RECORDS TO USE:
+ + +
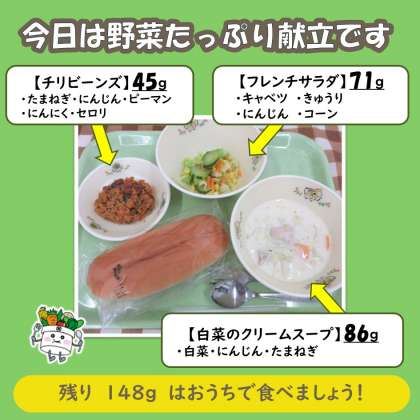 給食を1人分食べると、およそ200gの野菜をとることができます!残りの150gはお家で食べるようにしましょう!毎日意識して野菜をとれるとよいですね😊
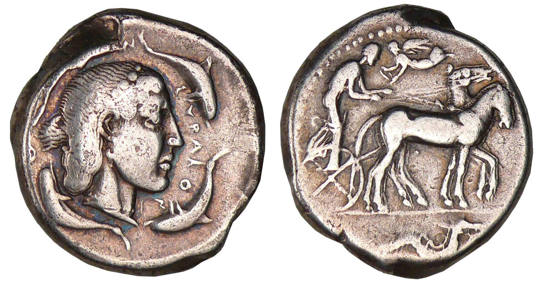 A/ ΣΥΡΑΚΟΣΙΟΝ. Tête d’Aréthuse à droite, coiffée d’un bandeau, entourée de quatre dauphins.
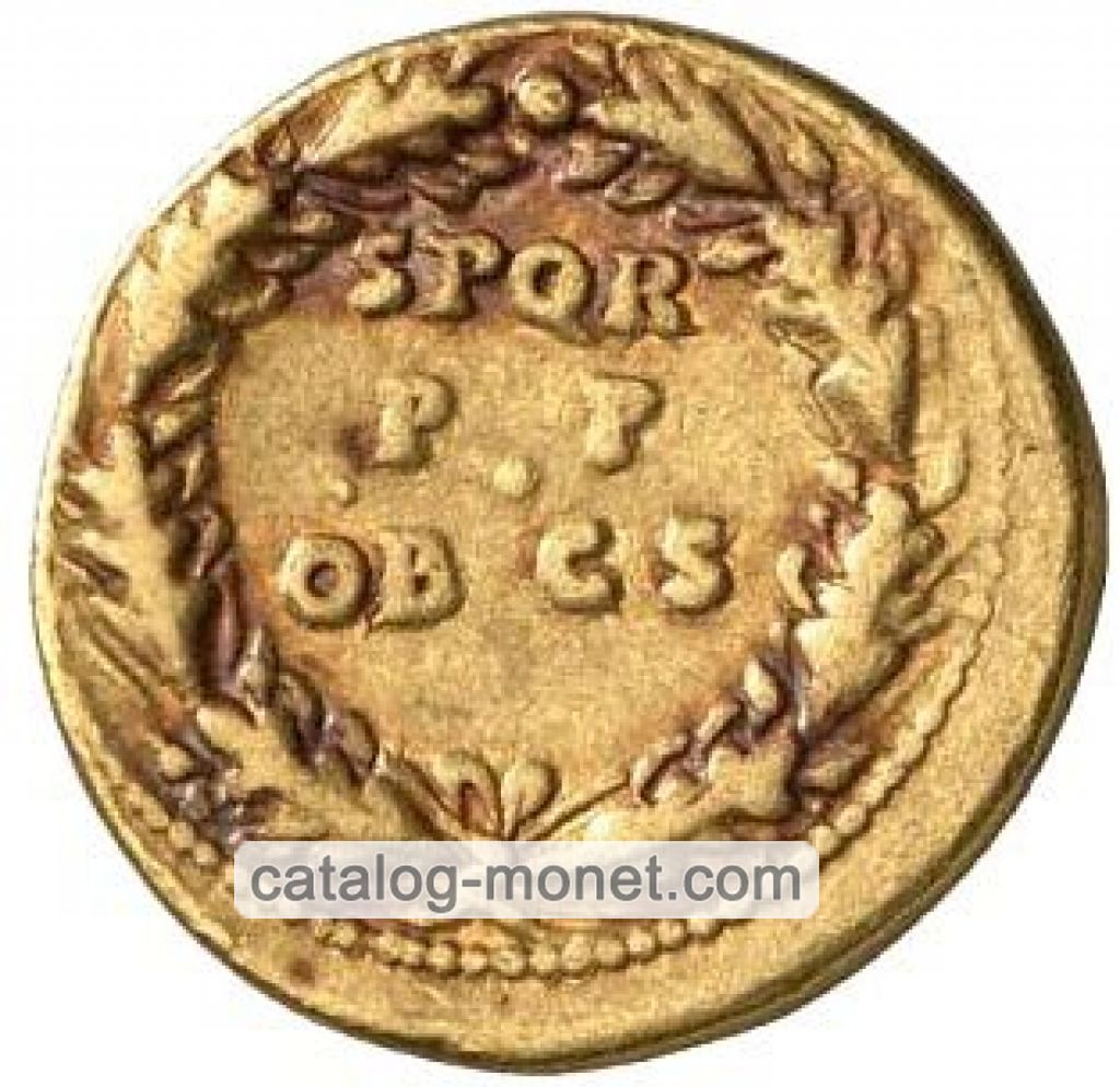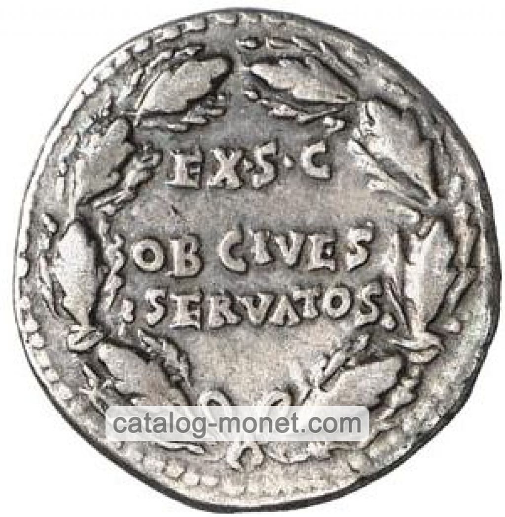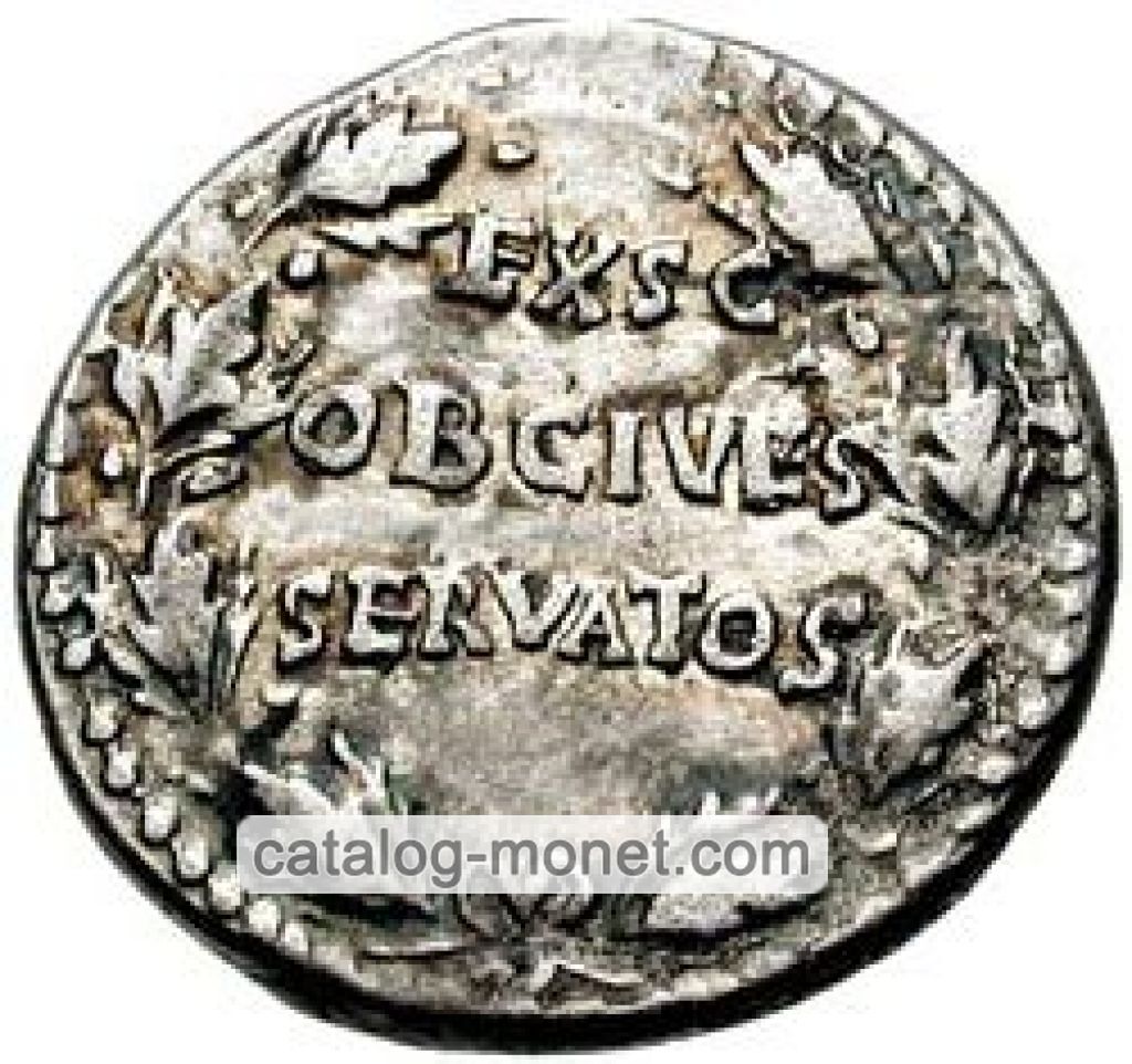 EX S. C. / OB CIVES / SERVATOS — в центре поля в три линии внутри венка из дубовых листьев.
+ + +
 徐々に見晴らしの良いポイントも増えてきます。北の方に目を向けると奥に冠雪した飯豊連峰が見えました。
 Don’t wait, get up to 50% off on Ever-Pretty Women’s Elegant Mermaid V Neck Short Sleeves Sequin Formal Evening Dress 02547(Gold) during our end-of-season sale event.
+ + +
ABOUT THIS TASK:
In the listing above, find the line containing "A/ ΣΥΡΑΚΟΣΙΟΝ. Tête" and the line containing "EX S. C. / OB". Reproduce those lines and all between them exactly, with no pictures and nothing more.

SOLUTION TO THE PROBLEM:
 A/ ΣΥΡΑΚΟΣΙΟΝ. Tête d’Aréthuse à droite, coiffée d’un bandeau, entourée de quatre dauphins.
 EX S. C. / OB CIVES / SERVATOS — в центре поля в три линии внутри венка из дубовых листьев.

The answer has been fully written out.